From The Rubaiyat of Omar Khayyam
XI
A Book of Verses underneath the Bough,
A jug of Wine, a Loaf of Bread—and Thou
Beside me singing in the Wilderness—
O, Wilderness were Paradise enow!”

Poetry, bread and wine, and a singing companion = the kingdom of God brought to earth.

In Christian poetry, there are a number of poems that take up Jesus’s bread metaphors and explore them further. Friend and colleague John Gatta alerted me to one by the American Puritan poet Edward Taylor (1642-1729), who meditates on Jesus’s declaration (John 6:51) that “I am the living bread.”

Edwards is writing in the tradition of the metaphysical poets, who pushed their metaphors to the limit. John Donne is the most famous example although it’s worth noting that not everyone was a fan. Samuel Johnson once wrote that, in metaphysical poetry, “The most heterogeneous ideas are yoked by violence together.” 

Anyway, in the poem Edwards compares the soul to a bird of paradise trapped in a wicker cage that is doomed to famish because it has pecked at the forbidden fruit. As a result, it has fallen into “celestial famine.” Edwards says that it can neither fill its hunger from earthly grain nor—and this is significant—from angel food, which is to say, purely spiritual bread. Don’t go knocking on heaven’s door, the poet admonishes us, because the angels have “no soule bread.” We need something that is at once spiritual and earthly and we get it delivered to us (warning!) straight from God’s bowels. I pick up the poem from the final stanzas:

From Meditation on John 6:51: “I am the living bread”
By Edward Taylor

In this sad state, Gods Tender Bowells run
Out streams of Grace: And he to end all strife
The Purest Wheate in Heaven, his deare-dear Son
Grinds, and kneads up into this Bread of Life.
Which Bread of Life from Heaven down came and stands
Disht on thy Table up by Angells Hands. 

Did God mould up this Bread in Heaven, and bake,
Which from his Table came, and to thine goeth?
Doth he bespeake thee thus, This Soule Bread take.
Come Eate thy fill of this thy Gods White Loafe?
Its Food too fine for Angells, yet come, take
And Eate thy fill. Its Heavens Sugar Cake. 
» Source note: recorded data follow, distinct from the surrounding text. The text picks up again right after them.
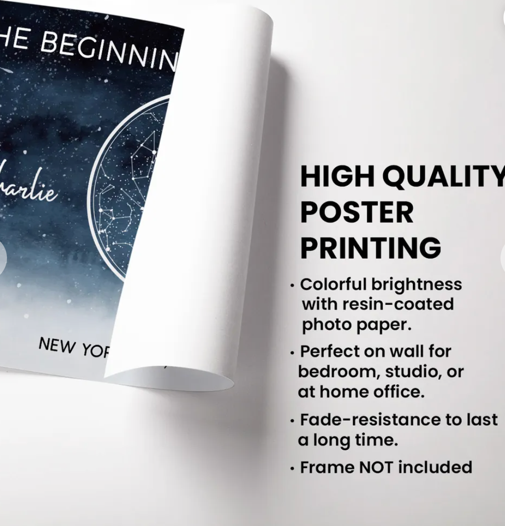 urprise your Family or friends with this unique personalized print gift! Premium luster photo paper delivers highly saturated poster prints with vivid, lifelike images. Similar to traditional silver halide prints. The poster is a practical & impactful way to decorate any living space.
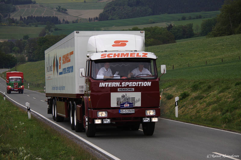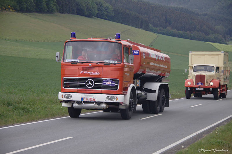 Eines von vielen Highlights bei den LKW war ein Mercedes-Benz LPS 1620 mit Tankauflieger.sowie ein Magirus-Deutz 126D 11 mit Ackermann-Aufbau und passendem Anhäger.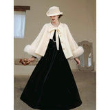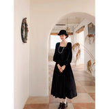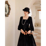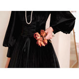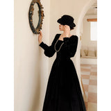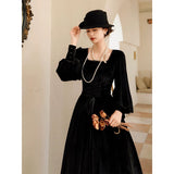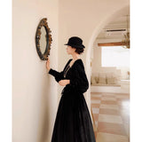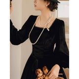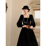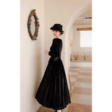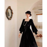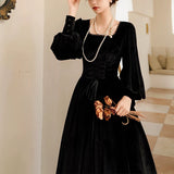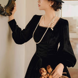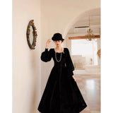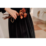 静謐で気高い存在感を放つ、まるで貴婦人のようなコルセットワンピース。濡れたようなブラックベルベットが織りなす艶やかさと、クラシカルなシルエットが印象的。ウエストにはコルセットのレースアップが施され、シルエットを引き締めながら優雅な曲線を描き出します。スクエアネックに繊細なレースの縁取りが施され、膨らみのあるパフスリーブが上品な印象を与えます。
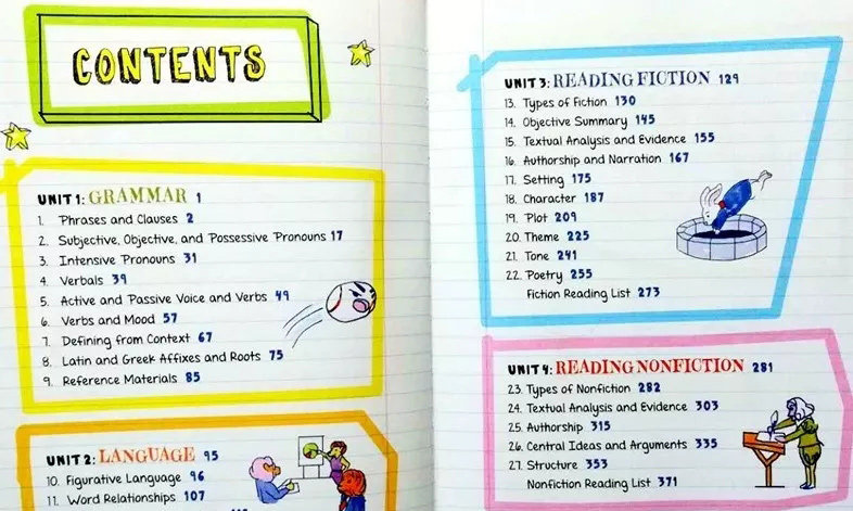这是英语书English Language Arts的目录,语法、词汇、阅读、写作都有所涉及。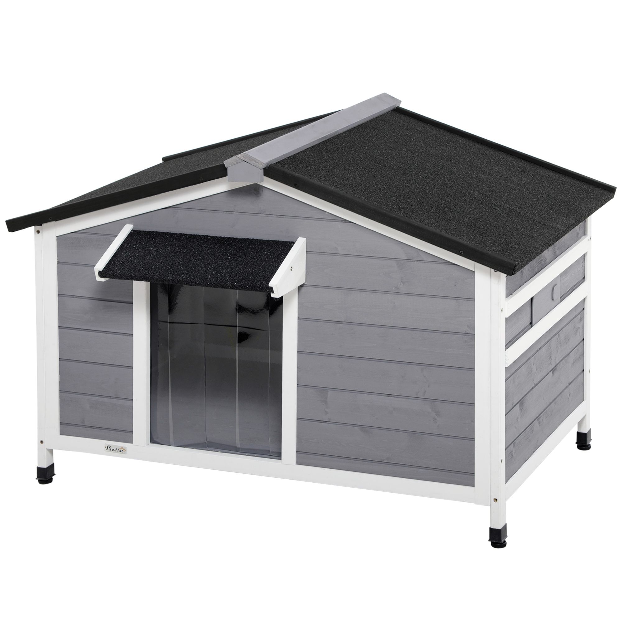 Discover the charm of the PawHut dog house, where style meets functionality. This wooden dog house ensures a cozy retreat for your furry friend, protecting them from the elements with its weather-resistant design and offering a spacious, comfy interior. Give your pet a home all their own; give your pet a PawHut.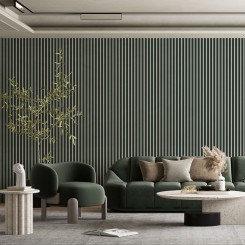Lamele na ścianie można zamontować nad listwą przypodłogową, albo całkowicie zrezygnować z listwy i zamontować je od podłogi.

This Bread of Life dropt in thy mouth, doth Cry.
Eate, Eate me, Soul, and thou shalt never dy.

Although many in the Middle Ages and Renaissance saw angels as higher than humans in “the great chain of being”—after all, they are more spiritual—Taylor points to the importance of bringing the earthly and the spiritual together. In last year’s Vacation Bible School lecture on literary angels, I observed that Philip Pullman makes a similar point in his Golden Compass Trilogy. There we see angels who are jealous of humans’ abilities to interact with the world of the senses. They long for “Heavens Sugar Cake,” as it were.

The English Anglo-Catholic mystic Evelyn Underhill has a wonderful “Corpus Christi” poem that similarly explores eucharistic bread imagery. Sewanee chaplain Peter Gray informs me that it’s particularly appropriate today (June 11, 2023) as it is the Face of Corpus Christi, which celebrates the real presence, in the Eucharist’s bread and wine, of the body and blood, soul and divinity, of Jesus.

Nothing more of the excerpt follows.